Seminar: Revisiting Exploration versus Exploitation: Multi-Armed Bandits and Adaptive Control, September 3

Attend the IE Decision Systems Engineering Fall ’21 Seminar Series event that explores dynamic learning problems.

Revisiting Exploration versus Exploitation: Multi-Armed Bandits and Adaptive Control
Presented by P.R. Kumar, Texas A&M University

Friday, September 3, 2021
Noon
Attend via Zoom

Abstract

We consider the central problem of exploration versus exploitation that lies at the heart of several dynamic learning problems. We revisit the problem of regret in adaptive control and examine it in the light of recent interest in solving large-scale bandit problems. For bandit problems, we present a family of schemes that admits simple index policies whose regret performance appears to be near the best apparently currently available, and at low computational complexity per decision. This is joint work with Ping-Chun Hsieh, Yu-Heng Hung, Xi Liu, Akshay Mete, Rahul Singh, Anirban Bhattacharya and Le Xie.

About the speaker

P.R. Kumar is a Regents Professor, a University Distinguished Professor, Holder of the O’Donnell Foundation Chair I and professor in the Department of Electrical and Computer Engineering at Texas A&M University, and Franklin W. Woeltge Professor Emeritus in the Department of Electrical and Computer Engineering at the University of Illinois, Urbana-Champaign. He is an honorary professor at IIT Hyderabad.

His current focus includes 5G, wireless networks, cybersecurity, cyberphysical systems, privacy, unmanned aerial system traffic management, reinforcement learning, machine learning and power systems.

He obtained his B. Tech from the Indian Institute of Technology, Madras in 1973, and MS and D.Sc from Washington University, St. Louis in 1975 and 1977, respectively. He was a faculty member in the Department of Mathematics at the University of Maryland Baltimore County from 1977 to 1984, and a faculty member in the Department of Electrical and Computer Engineering and the Coordinated Science Laboratory at the University of Illinois, Urbana-Champaign from 1985 to 2011. Since 2011, he has been a faculty member in the Department of Electrical and Computer Engineering at Texas A&M University.
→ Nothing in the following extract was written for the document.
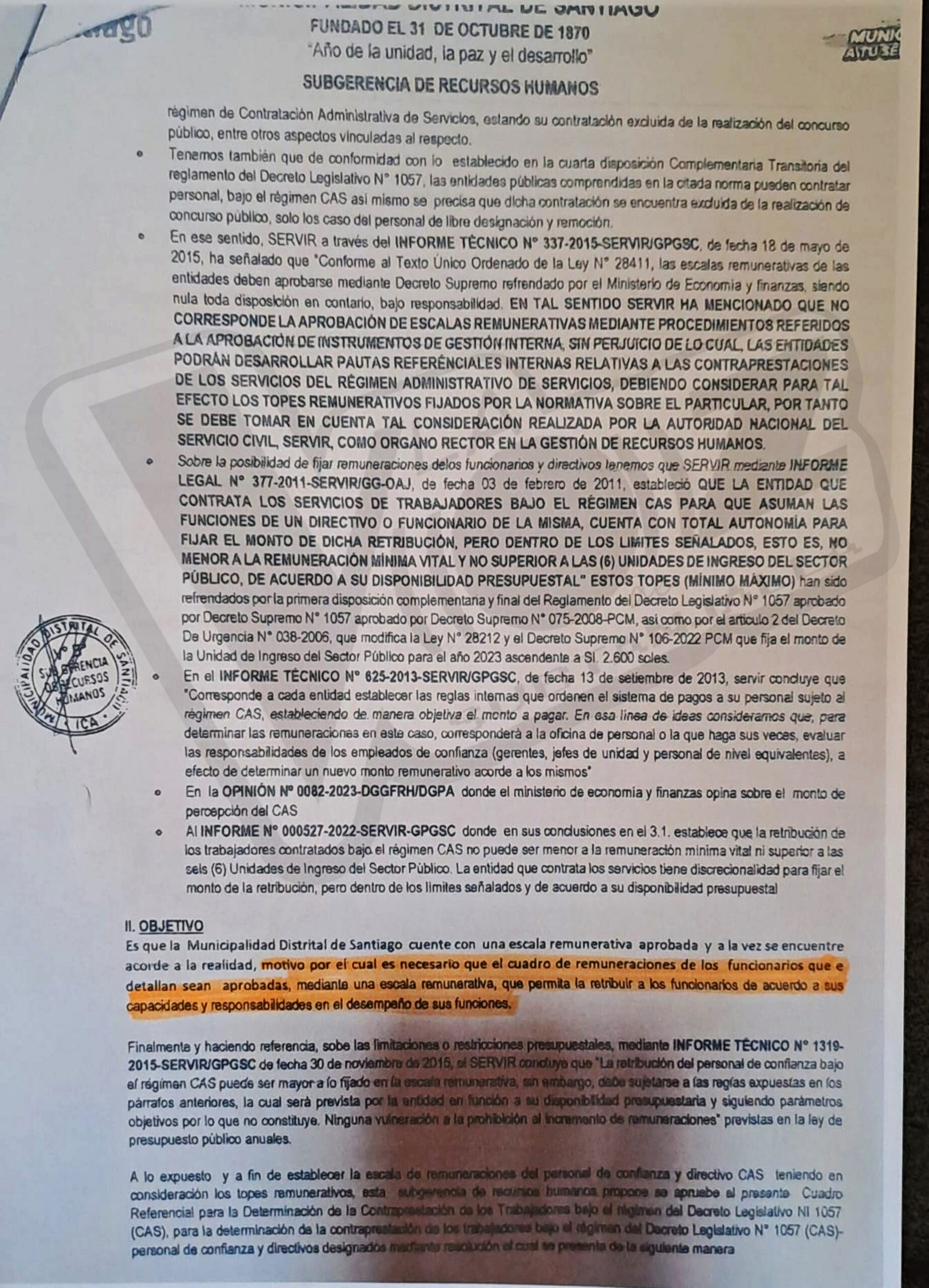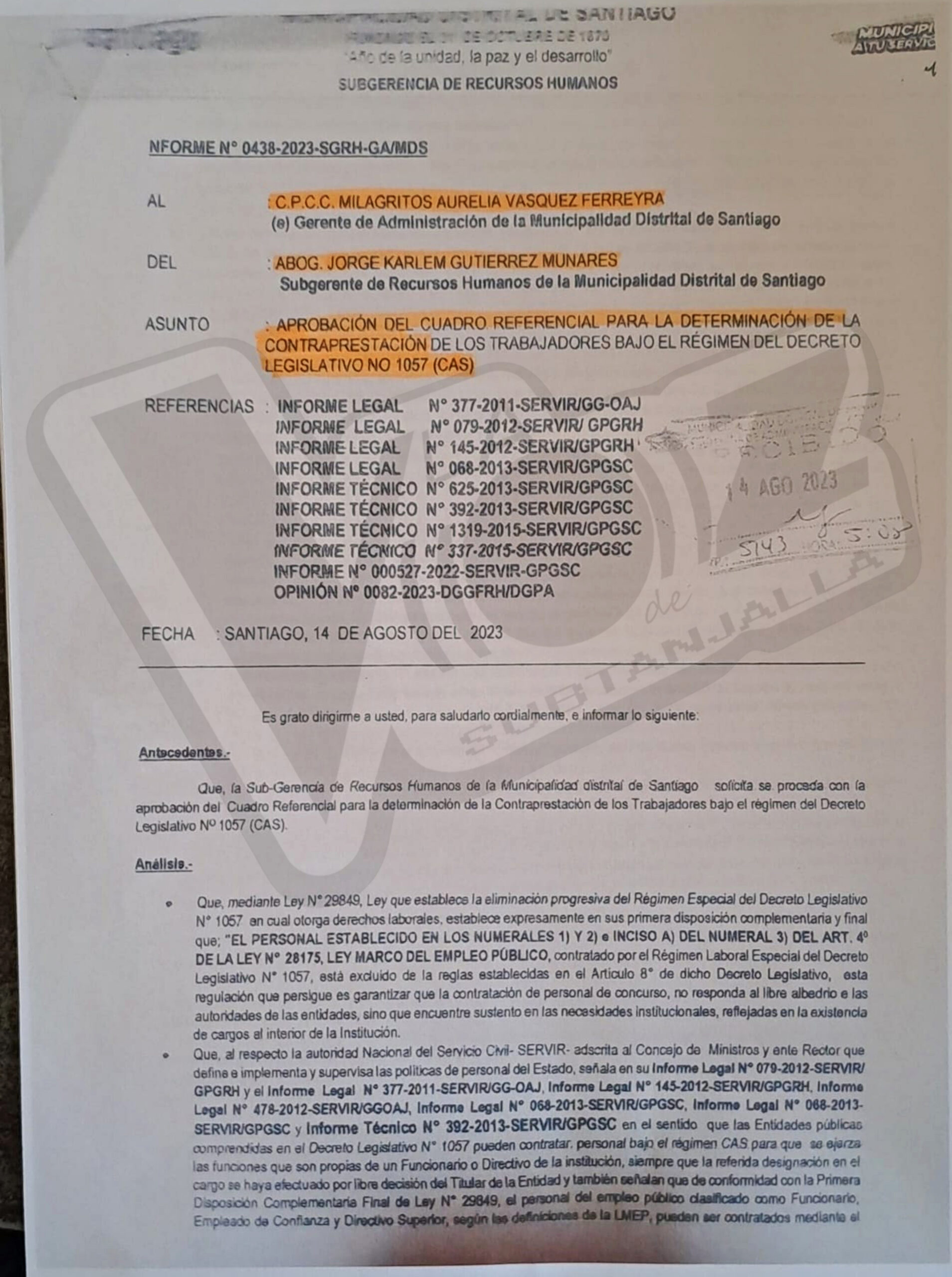 En el informe número 04 38 – 2023 – CGRH-GA/MDS de fecha 14 de agosto del 2023 el abogado Jorge Karlen Gutiérrez Munares , subgerente de recursos humanos de la municipalidad distrital de Santiago envía el documento a la gerencia municipal para la aprobación y solicita se proceda con la aprobación del cuadro referencial para la determinación de la contraprestación de los trabajadores bajo el régimen del decreto legislativo 1057 (CAS ).

He received the IEEE Field Award for Control Systems, the Donald P. Eckman Award of the American Automatic Control Council, the Fred W. Ellersick Prize of the IEEE Communications Society, the Outstanding Contribution Award of ACM SIGMOBILE, the Infocom Achievement Award, the ACM SIGMOBILE Test-of-Time Paper Award and the COMSNETS Outstanding Contribution Award. He is a Fellow of IEEE and ACM. He was awarded a Doctor Honoris Causa by ETH, Zurich. He is a member of the U.S. National Academy of Engineering, the World Academy of Sciences, the Indian National Academy of Engineering and the Academy of Medicine, Eegineering and Science of Texas. He was awarded a Distinguished Alumus Award from IIT Madras, the Alumni Achievement Award from Washington University, St. Louis and the Daniel C. Drucker Eminent Faculty Award from the University of Illinois, Urbana-Champaign.